(Stored entries)
━━━━━━━━━━━━━━━━

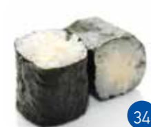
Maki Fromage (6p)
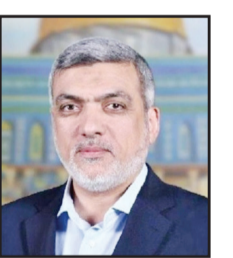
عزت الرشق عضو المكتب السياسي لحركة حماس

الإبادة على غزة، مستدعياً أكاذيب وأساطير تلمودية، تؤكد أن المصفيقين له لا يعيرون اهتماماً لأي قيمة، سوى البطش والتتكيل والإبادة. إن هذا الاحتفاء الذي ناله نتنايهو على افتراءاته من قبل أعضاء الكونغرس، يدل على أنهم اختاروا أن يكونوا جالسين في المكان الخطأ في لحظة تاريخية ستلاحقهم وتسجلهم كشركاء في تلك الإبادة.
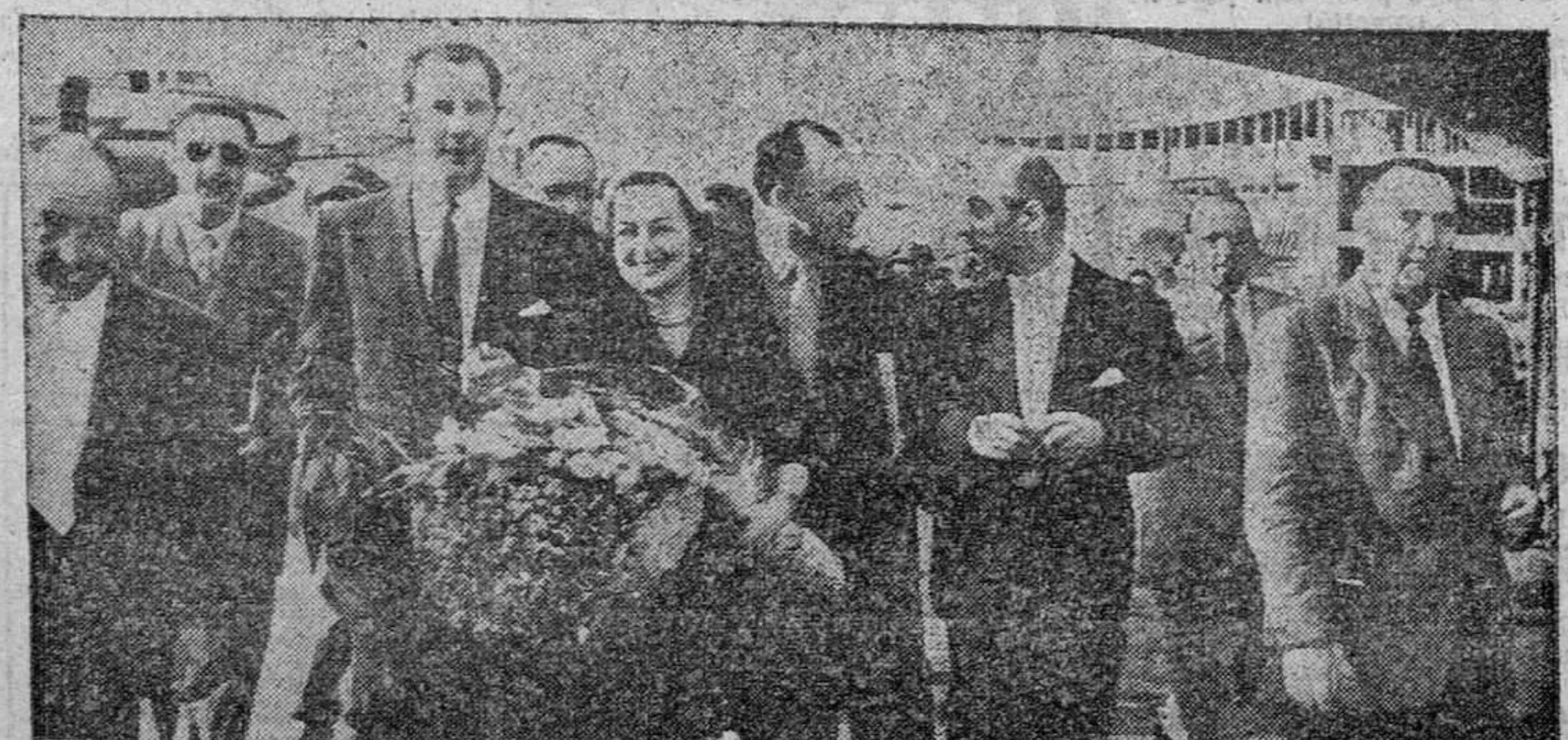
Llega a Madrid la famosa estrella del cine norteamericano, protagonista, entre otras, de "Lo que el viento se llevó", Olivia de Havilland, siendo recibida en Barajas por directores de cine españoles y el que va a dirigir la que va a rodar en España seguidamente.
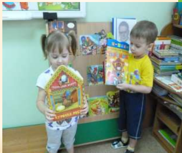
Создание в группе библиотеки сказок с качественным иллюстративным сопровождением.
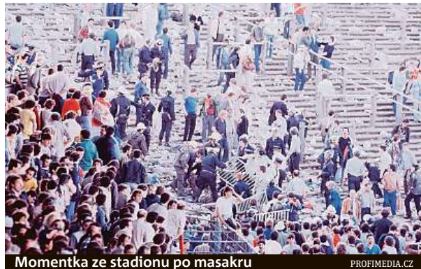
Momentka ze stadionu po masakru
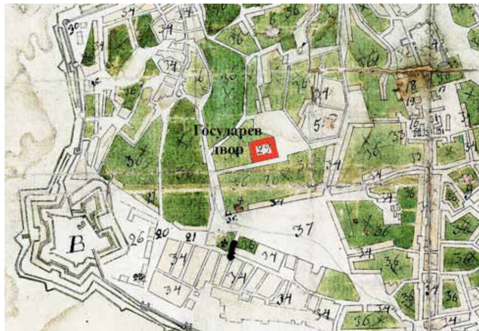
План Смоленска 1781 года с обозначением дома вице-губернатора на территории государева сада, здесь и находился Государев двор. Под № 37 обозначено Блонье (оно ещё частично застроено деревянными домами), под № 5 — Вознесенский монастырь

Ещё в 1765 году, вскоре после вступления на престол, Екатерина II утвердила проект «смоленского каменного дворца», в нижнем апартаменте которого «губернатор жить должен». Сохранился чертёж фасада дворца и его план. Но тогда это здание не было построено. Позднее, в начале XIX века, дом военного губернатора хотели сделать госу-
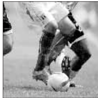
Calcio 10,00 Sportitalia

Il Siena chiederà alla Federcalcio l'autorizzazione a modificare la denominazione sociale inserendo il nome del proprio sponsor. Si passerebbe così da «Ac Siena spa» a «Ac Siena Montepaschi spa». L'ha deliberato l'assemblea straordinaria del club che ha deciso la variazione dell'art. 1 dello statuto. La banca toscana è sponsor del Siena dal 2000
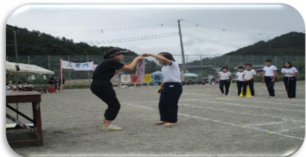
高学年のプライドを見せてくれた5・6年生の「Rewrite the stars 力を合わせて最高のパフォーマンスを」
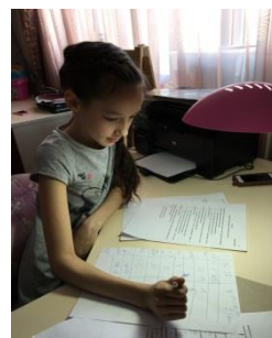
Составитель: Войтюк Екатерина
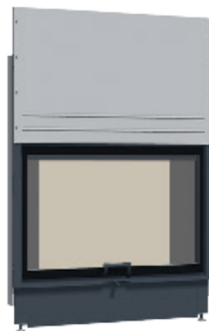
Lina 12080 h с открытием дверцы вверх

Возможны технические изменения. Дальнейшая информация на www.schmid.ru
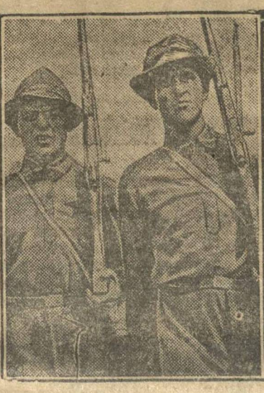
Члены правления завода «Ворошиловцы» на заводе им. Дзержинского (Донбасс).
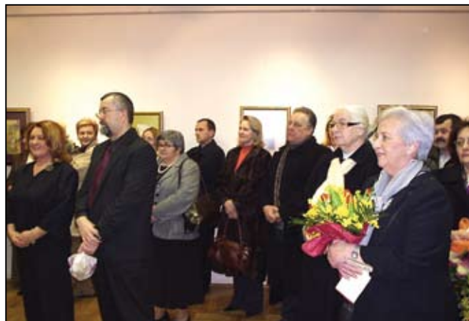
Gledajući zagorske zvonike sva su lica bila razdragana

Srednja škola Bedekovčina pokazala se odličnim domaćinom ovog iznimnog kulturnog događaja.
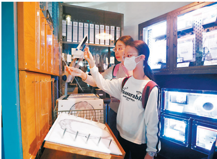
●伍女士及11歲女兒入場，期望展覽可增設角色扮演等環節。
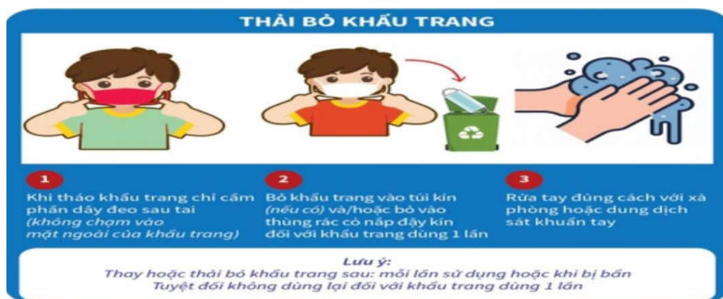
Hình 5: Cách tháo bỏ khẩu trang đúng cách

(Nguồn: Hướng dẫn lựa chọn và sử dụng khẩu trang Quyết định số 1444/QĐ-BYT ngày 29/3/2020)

━━━━━━━━━━━━━━━━

Provide the lines again, unchanged, from where the data above begins through the line containing "Lina 12080 h с открытием дверцы вверх", both ends included, omitting pictures and adding nothing.

§ Result of the task:
Maki Fromage (6p)
عزت الرشق عضو المكتب السياسي لحركة حماس

الإبادة على غزة، مستدعياً أكاذيب وأساطير تلمودية، تؤكد أن المصفيقين له لا يعيرون اهتماماً لأي قيمة، سوى البطش والتتكيل والإبادة. إن هذا الاحتفاء الذي ناله نتنايهو على افتراءاته من قبل أعضاء الكونغرس، يدل على أنهم اختاروا أن يكونوا جالسين في المكان الخطأ في لحظة تاريخية ستلاحقهم وتسجلهم كشركاء في تلك الإبادة.
Llega a Madrid la famosa estrella del cine norteamericano, protagonista, entre otras, de "Lo que el viento se llevó", Olivia de Havilland, siendo recibida en Barajas por directores de cine españoles y el que va a dirigir la que va a rodar en España seguidamente.
Создание в группе библиотеки сказок с качественным иллюстративным сопровождением.
Momentka ze stadionu po masakru
План Смоленска 1781 года с обозначением дома вице-губернатора на территории государева сада, здесь и находился Государев двор. Под № 37 обозначено Блонье (оно ещё частично застроено деревянными домами), под № 5 — Вознесенский монастырь

Ещё в 1765 году, вскоре после вступления на престол, Екатерина II утвердила проект «смоленского каменного дворца», в нижнем апартаменте которого «губернатор жить должен». Сохранился чертёж фасада дворца и его план. Но тогда это здание не было построено. Позднее, в начале XIX века, дом военного губернатора хотели сделать госу-
Calcio 10,00 Sportitalia

Il Siena chiederà alla Federcalcio l'autorizzazione a modificare la denominazione sociale inserendo il nome del proprio sponsor. Si passerebbe così da «Ac Siena spa» a «Ac Siena Montepaschi spa». L'ha deliberato l'assemblea straordinaria del club che ha deciso la variazione dell'art. 1 dello statuto. La banca toscana è sponsor del Siena dal 2000
高学年のプライドを見せてくれた5・6年生の「Rewrite the stars 力を合わせて最高のパフォーマンスを」
Составитель: Войтюк Екатерина
Lina 12080 h с открытием дверцы вверх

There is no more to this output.